José Penicheiro é um beirão de Candosa (Tábua 1921). Mas figueirense por adopção, nascido há mais de cinco dezenas de anos. Desde a sua infância se radicou na Figueira da Foz, onde ainda hoje tem um estúdio e galeria de arte (Buarcos). Aí, foi crescendo a pulso, sem escola artística, para além da rua, da sua curiosidade e perspicácia, impondo-se como um artista popular.

Como muitos outros, lançou-se na arte através da caricatura, publicando os primeiros desenhos, em finais de quarenta, no jornal portuense «O Primeiro de Janeiro». Após o êxito destas primeiras colaborações jornalísticas, diversificou o seu trabalho para outros periódicos, como «A Bola», «Os Ridículos», «Sempre Fixe», «República», «A Bomba», «O Brincalhão»…
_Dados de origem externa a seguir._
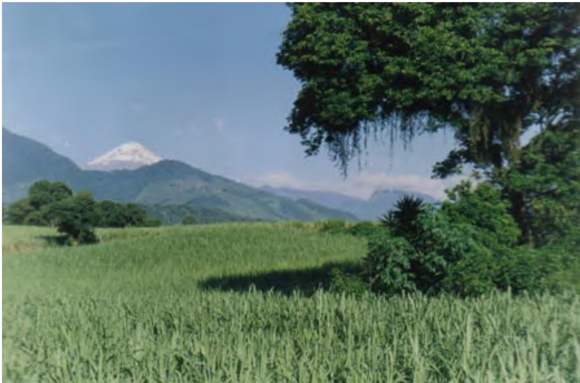
Figura 4. La Yerbabuena: vista del volcán de Pico de Orizaba desde el lado oeste de la Pirámide 1. Mirando hacia el noroeste.

A pardessa sua entrada no mundo gráfico, Zé Penicheiro surpreendeu o meio artístico e humorístico com as «caricaturas em volume». São esculturas em madeira, numa transposição do traço síntese do modernismo, para a tridimensionalidade, num compromisso com a bidimensionalidade do desenho e da prancha de madeira, evidenciando não o volume mas o contorno. Deste jogo, ou confronto técnico, provém a originalidade deste trabalho, a mestria caricatural deste artista que se impôs fulgurantemente.

Relacionado com este gosto pela caricatura em volume está também o seu trabalho decorativo grotesco, que realizou ao longo de vários anos para o célebre Carnaval de Ovar. Muitos dos carros alegórico-humorísticos eram concebidos, desenhados por si, contribuindo dessa forma caricatural para a alegria e fama desse carnaval.

Zé Penicheiro é um homem carnavalesco, não só por este trabalho folião como pela sua própria forma alegre de viver e de estar sempre pronto a fazer os outros felizes. Apesar do seu sucesso, nunca deixou de ser um homem simples, um homem do povo, popular, que se inspira nesse mesmo povo. Seja no humor como nas outras artes desenvolvidas por ele, procurou sempre os seus temas no mundo rico que é a vida do dia-a-dia.

Nas ditas esculturas, podemos encontrar, por exemplo, peças com os nomes de Guarda-nocturno, O Fado, A Bisca, Pega de Cernelha, Meninas, Vamos ao Vira, Viva ò Benfica / Porto… pois como escreveu Aniceto Carmona, «nunca é demais frisar que os seus modelos são particularmente inspirados no sabor popular do nosso povo, no humor da rua, no humilde

A sua obra, na caricatura, nos seus bonecos, na pintura, assenta na fauna humana de personagens surpreendidas nos palcos marítimos e campesinos, onde se ganha «o pão que, muitas vezes, o diabo amassou». Deste modo, toda a sua arte tem um cunho de verdade.

A par da caricatura e do humor, foram-se desenvolvendo outras actividades, como a publicidade, outras géneros e técnicas plásticas como o desenho animado, ilustração, edição de postais, decoração, gravura, painéis decorativos, aguarela, óleo, guache, acrílico, numa diversidade de técnicas que enriqueceram a sua obra e que o foram afastando da caricatura. De registar a sua constância nas galerias de arte, onde regularmente mostrava os seus trabalhos humorísticos, e agora a sua pintura. Hoje, Zé Penicheiro conserva o humor como vivência, optando pela «seriedade» no campo artístico.